Volvió, dando saltos como una codorniz, dentro del coche, y entró en la
ciudad, decidido a no plantear nunca por propia cuenta una industria tan
peligrosa como la de la pólvora.
Körner y el primo Sebastián, de quien ahora estaba enamorado el tío
Nepomuceno, que le metió en sus negocios de muy buen grado, y haciéndole
que se interesara en ellos por motivos de lucro, notaron a un mismo
tiempo, y se comunicaron la observación, que hacía algunas semanas
Bonifacio oía muy atento sus conversaciones acerca de las fábricas, y
hasta rondaba las mesas del escritorio y miraba de soslayo los papeles
que traían y llevaban.
--Ese imbécil parece que quiere enterarse--dijo Körner.

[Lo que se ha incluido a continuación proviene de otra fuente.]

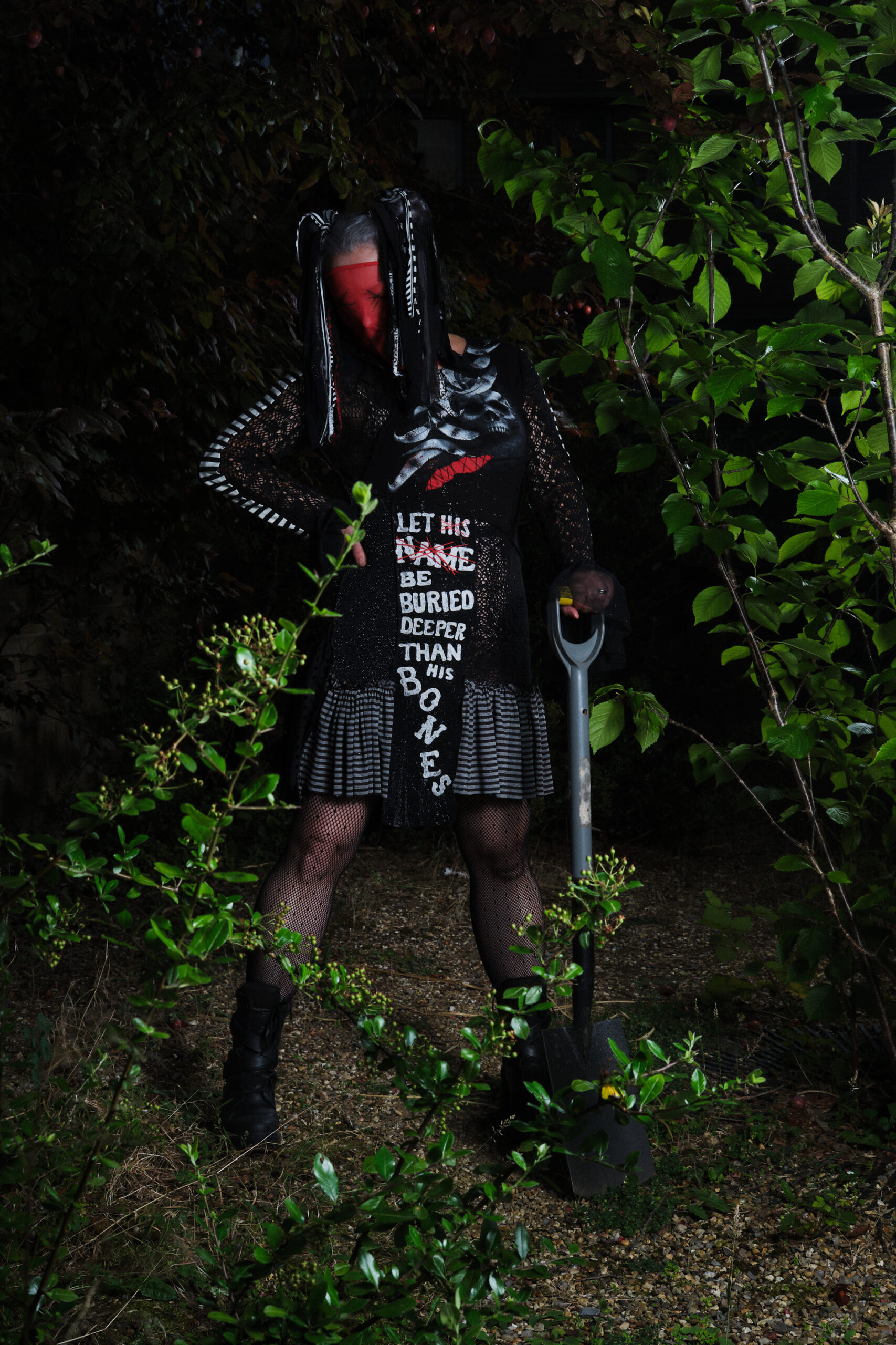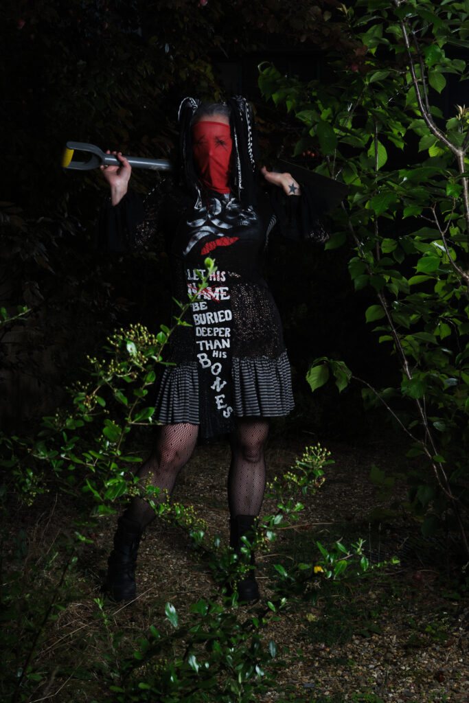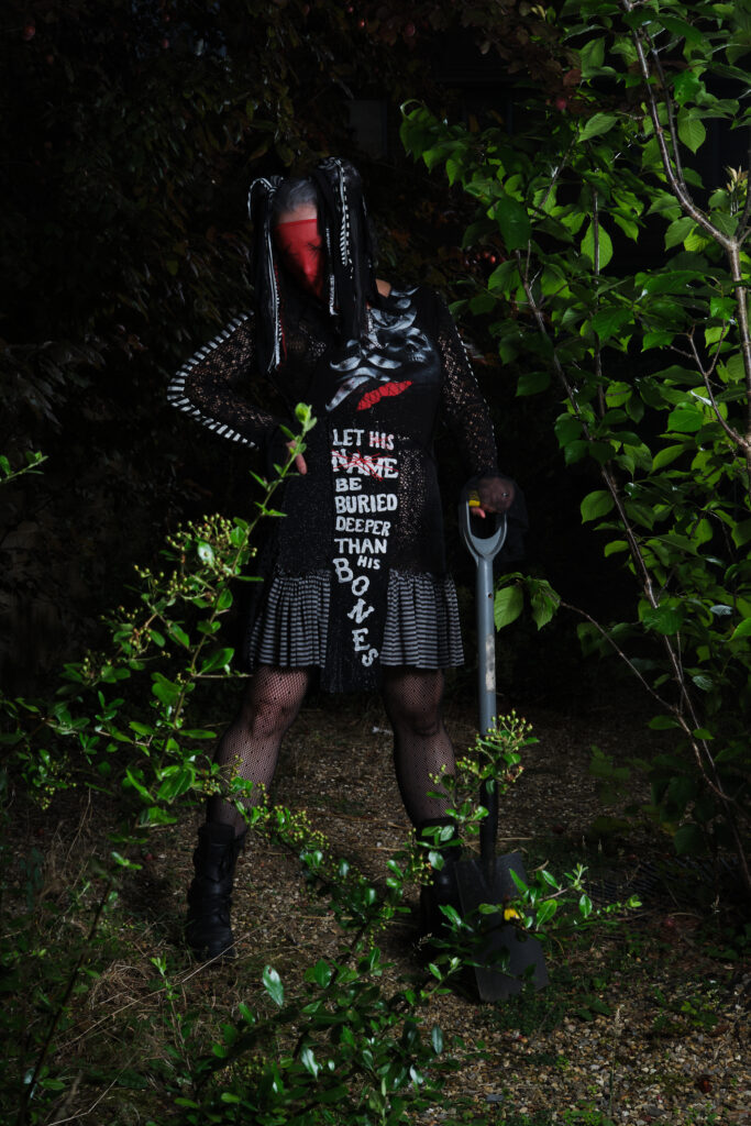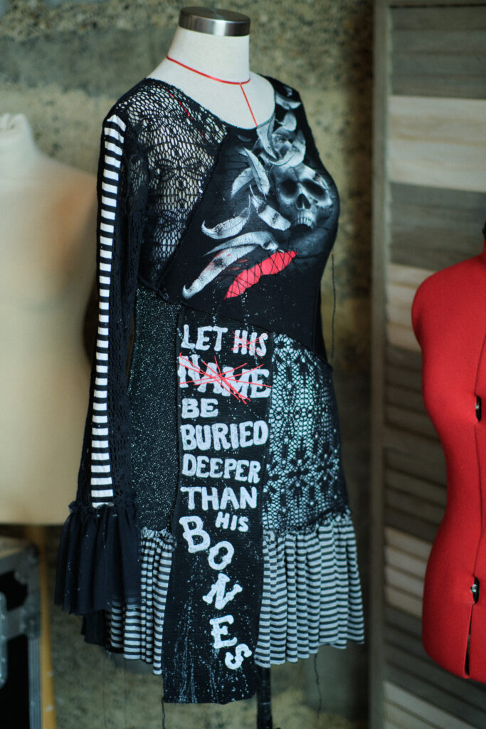 The front offset panel of the dress became the perfect resting place for the words. It sits like a tombstone between two opposing worlds: a glittering, almost celebratory panel on one side, and black lace on the other which I can only really describe as gothic gates of hell. That contrast felt honest. Trauma rarely exists in isolation. It sits alongside normality, sparkle, laughter, productivity. We learn how to carry it while appearing functional, even joyful. This dress needed to hold both truths at once.
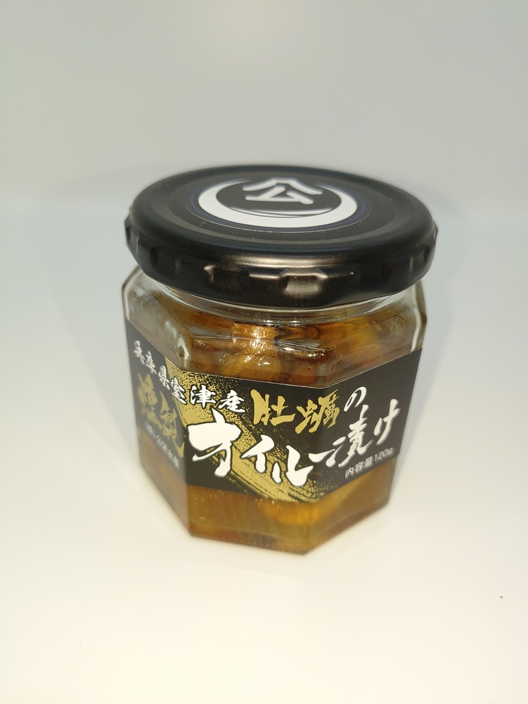公栄水産の牡蠣を自分たちで燻製し、瓶詰屋さんに加工してもらいました。酒のつまみ、オイルはパスタなどに利用できます
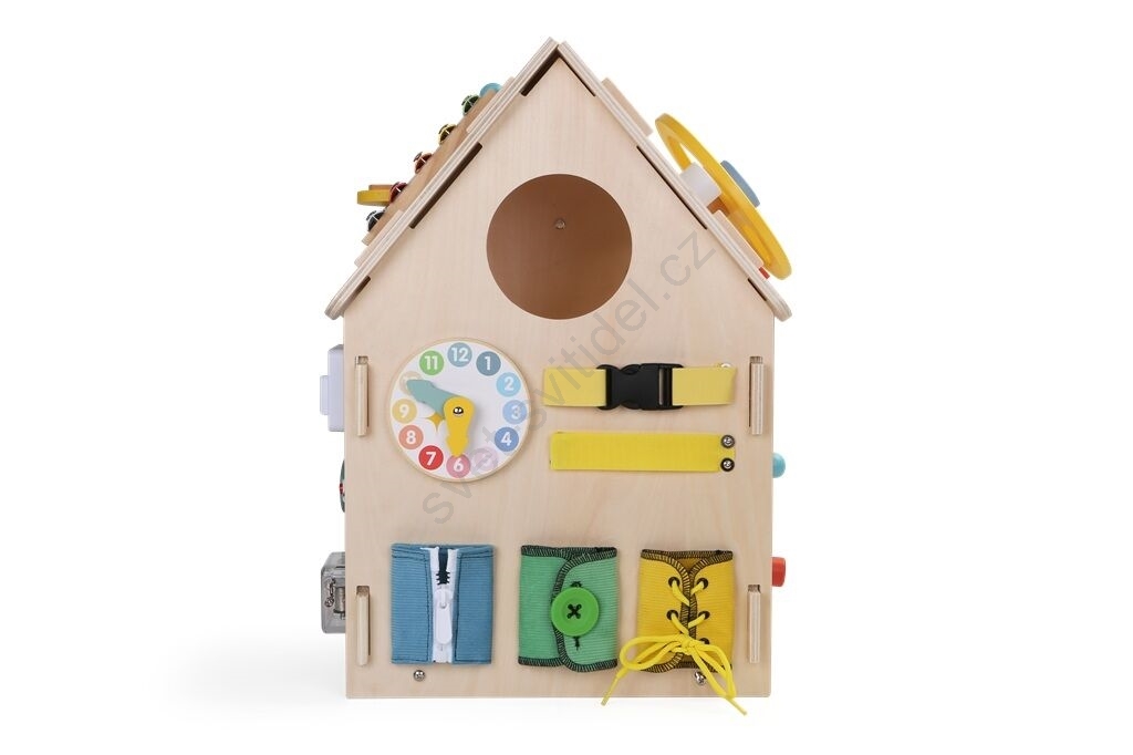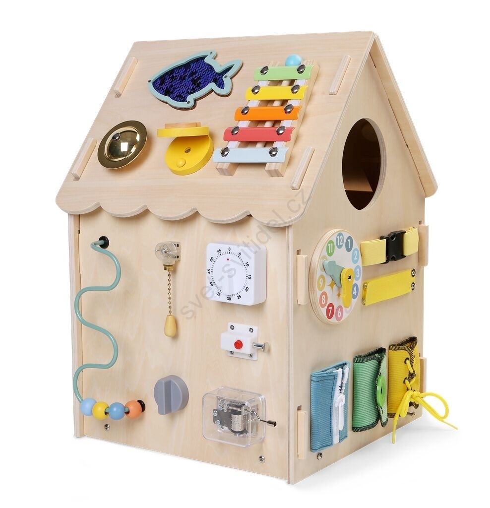 • Tento domeček přináší spoustu zábavy, díky které bude moci vaše dítě rozvíjet svou zručnost, zvídavost a zejména jemnou motoriku.
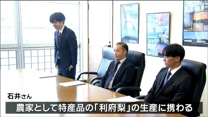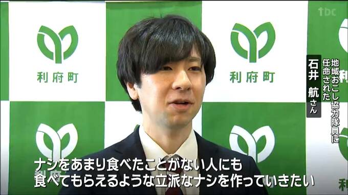 利府町の地域おこし協力隊員に任命されたのは、石井航さん(35)と鐵潤さん(52)、それに佐藤竜さん(24)の3人です。石井さんは、農家として特産品の「利府梨」の生産に携わります。
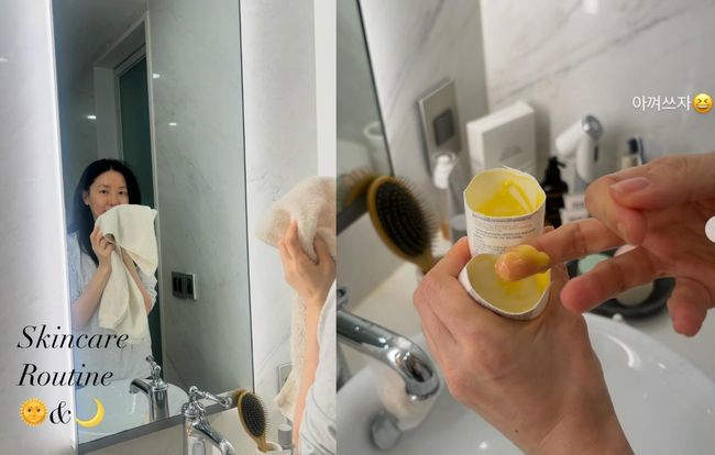 공개된 사진 속에는 이영애가 화장실에서 다양한 화장품을 사용해 세안하는 모습이 담겼다. 민낯임에도 투명한 이영애의 피부와 미모가 눈길을 끈다.
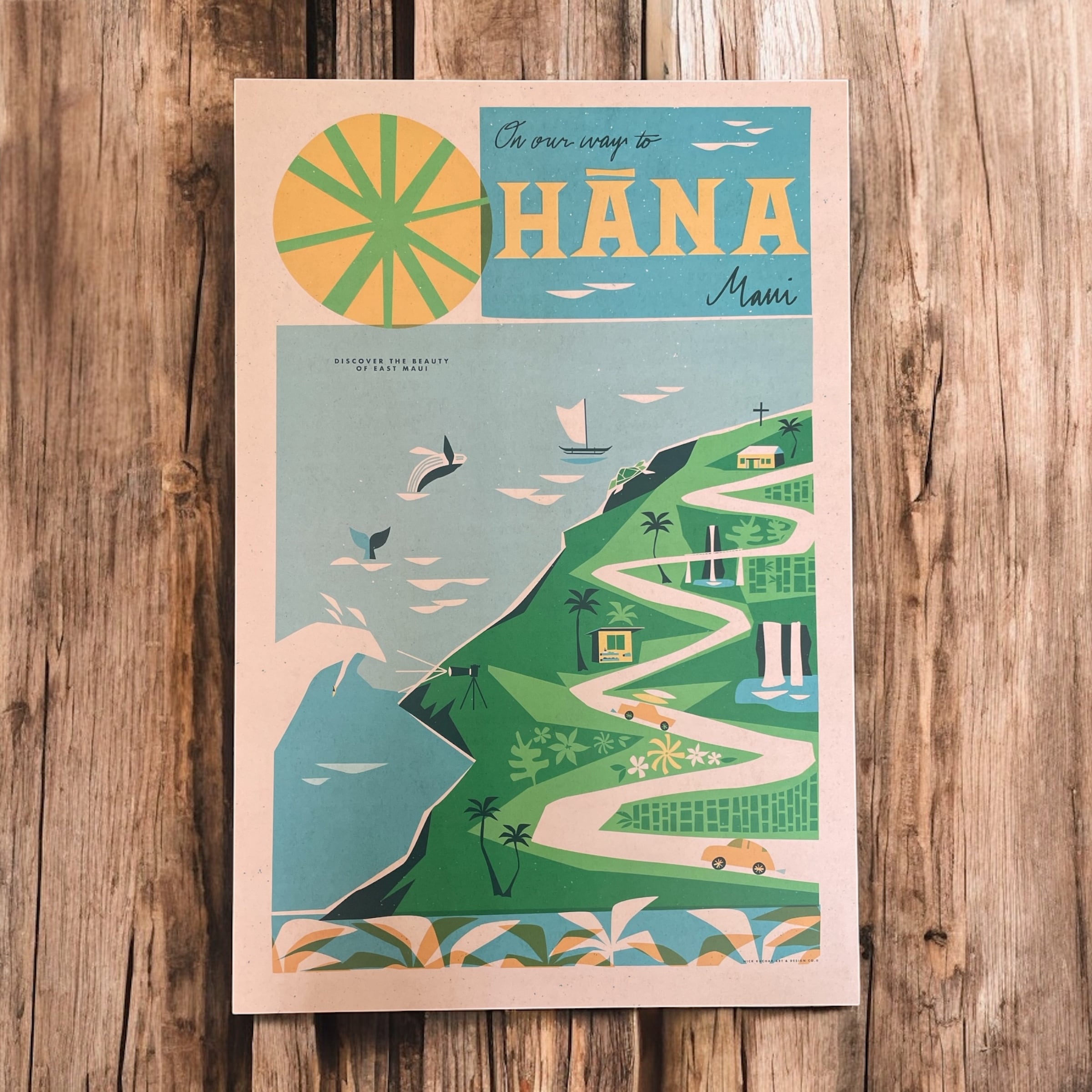 オアフ島を拠点に活動する人気アーティスト≪Nick Kuchar≫のトラベルプリント "Road to Hana"
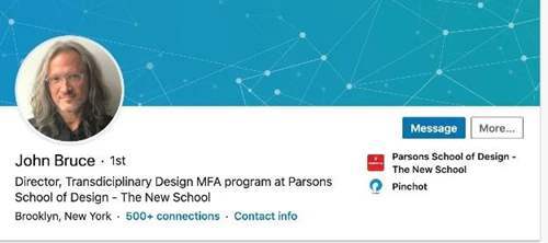 举例来说,上面其中一位是当时教授我的老师Brain,他自己有个公司。我们每周三晚上7点上他的课,上两个小时到9点40。因为他白天要上班工作,只有那个时间有空给我上课。他一学期只有这一门课,备课也只为了这门课。对这些老师来讲,他们真的想做教育这件事情,而不是多一份工资。这样的老师是真心想要去教我们一些东西,也会很认真地回答我们的一些问题。所以对帕森斯的师资我是非常有信心的,他们真的很棒。
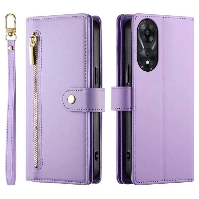 Για OPPO A78 5G / A58 5G / A58x / A1x Nine Card-slot φερμουάρ πορτοφόλι τσάντα δερμάτινη θήκη τηλεφώνου (μωβ)
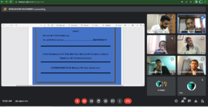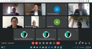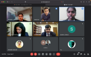 Mr. Arvind Srevatsa, Mr. Karthik Jayakumar and Ms. Kaavya Silamban are all set to choose the best among the two teams. Experience, enthusiasm and interaction is the mood of this Court Hall. As soon as the rounds began, the pertinent questions began! The fundamentals, that is, knowledge of facts was checked. Team Kingfisher was first quizzed on the composition of the NGT and if expert members can also be addressed as ‘Lordship’. An interesting question which was largely left unanswered. The next curveball was thrown in the form of ‘time of start of Cause of Action and start of limitation period thereof’. The judge believed that Cause of Action started in May, 2019 but the Counsel tried her best to convince them about CoA starting in Nov, 2019. Speaker 2 from Team Kingfisher was quizzed extensively on the probabilities and possibilities that she used in her argument. ‘What is a notified bird sanctuary, notified turtle nesting ground’ formed the crux of the questions thrown her way.
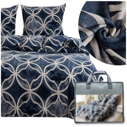 Blanket 200 x 220 Stamped Plush Nancy Navy Blue
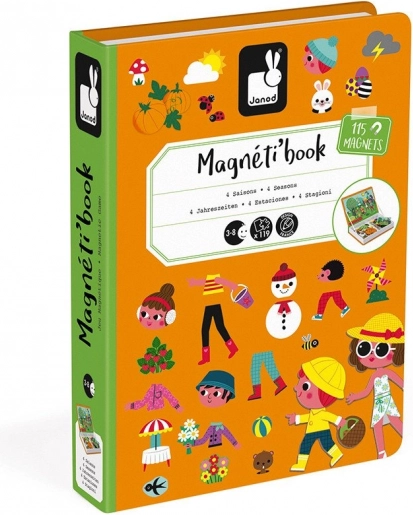 El libro magnético Janod Magnetibook – estaciones del año desarrolla la imaginación, el pensamiento lógico y la motricidad fina. Los niños, siguiendo las tarjetas, componen escenas de cada estación y eligen la ropa y los accesorios adecuados. Gracias a su diseño compacto en forma de libro, es ideal para viajes, en el coche y para visitas.
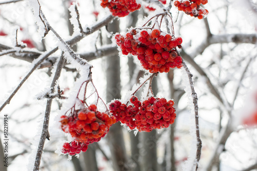 Close up of small thin branches of bright red rowan covered with snow with blurred trees in background in daytime. Gathering healthy berries in winter.
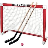 This goal was easy to set up and light enough for my 8 yr. old to move around. The goal breaks down for easy storage. The sticks and ball were nice extras.Get more detail about
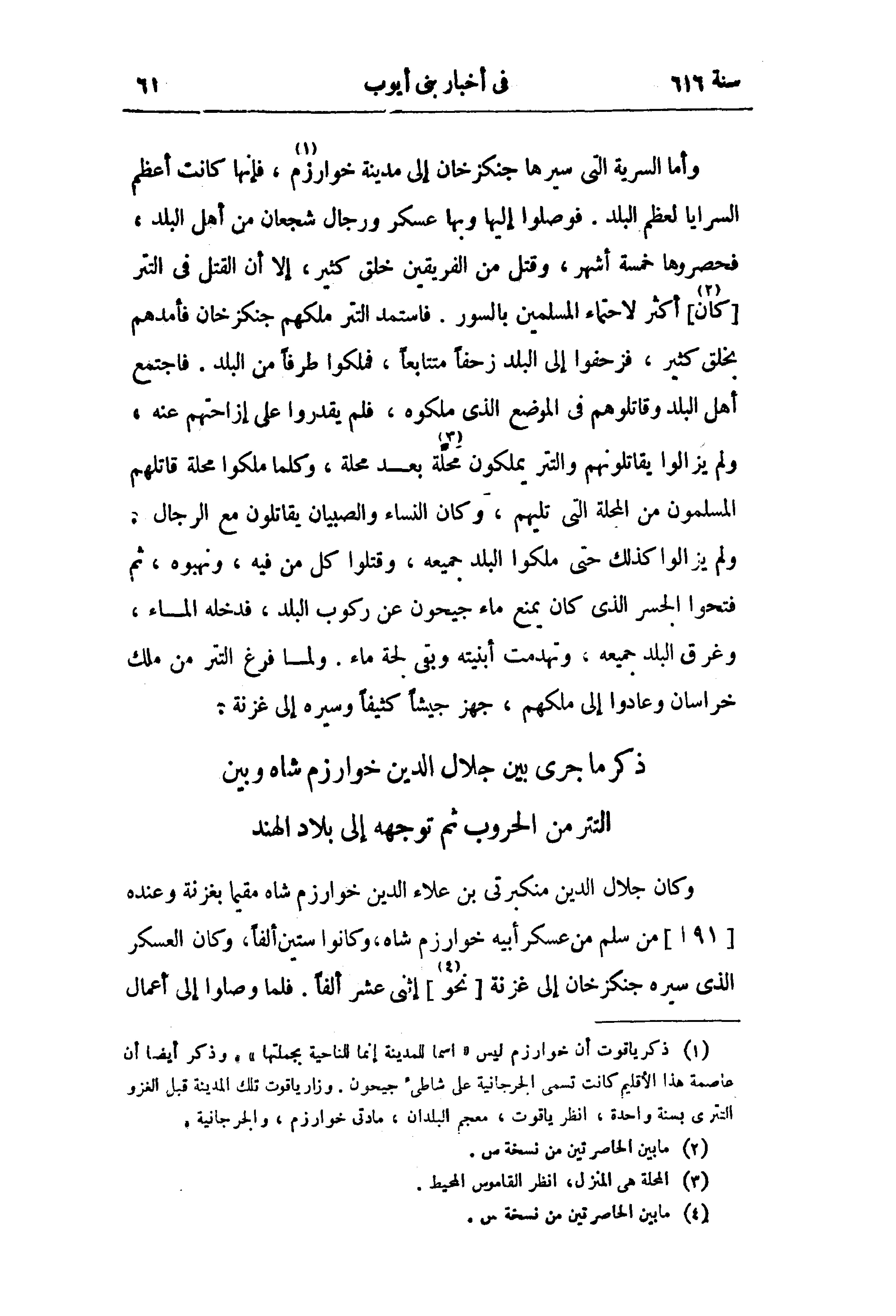 (¬1) ذكر ياقوت أن خوارزم ليس «اسما للمدينة إنما للناحية بجملتها». وذكر أيضا أن عاصمة هذا الأقليم كانت تسمى الجرجانية على شاطئ جيحون. وزار ياقوت تلك المدينة قبل الغزو التترى بسنة واحدة، انظر ياقوت، معجم البلدان، مادتى خوارزم، والجرجانية.

--Sí, eso he notado. Pero, ¿no ve usted qué cara de estúpido pone? No
entiende una palabra.
--Sí; pero... no me fío. Tiene miradas... así, como de espía. Hay que
espiarle a él también.
Un día el tío, oyéndoles insistir en comentar la curiosidad inútil de
Reyes, se quedó pensativo.
No dijo nada, pero se dedicó a observar también al sobrino por afinidad.
En la mesilla de noche de su alcoba vio unos libros que le dieron que
pensar.
No eran versos, ni novelas, ni _psicologías lógicas y éticas_, que era lo
que solía leer Bonis. Allí estaba un tomo de _Los cien tratados_,
enciclopedia popular, que junto a un curso abreviado de la cría de
gallinas y otras aves de corral, mostraba un compendio de Derecho civil.
Sobre este tomo vio otro que decía: Laspra, _Práctica forense_, y otro con
el rótulo: _Código mercantil comentado_.
¿Qué significaba aquello?
Al día siguiente Ferraz, el magistrado alegre, encontró a Nepomuceno en
la calle, y le dijo:
--¿Van ustedes a tener algún pleito?
--¿Cómo pleito? ¿Con quién?
--Lo digo porque todas las tardes veo a Bonifacio echar grandes párrafos
en La Oliva con el Papiniano de la quintana, con Cernuda el joven.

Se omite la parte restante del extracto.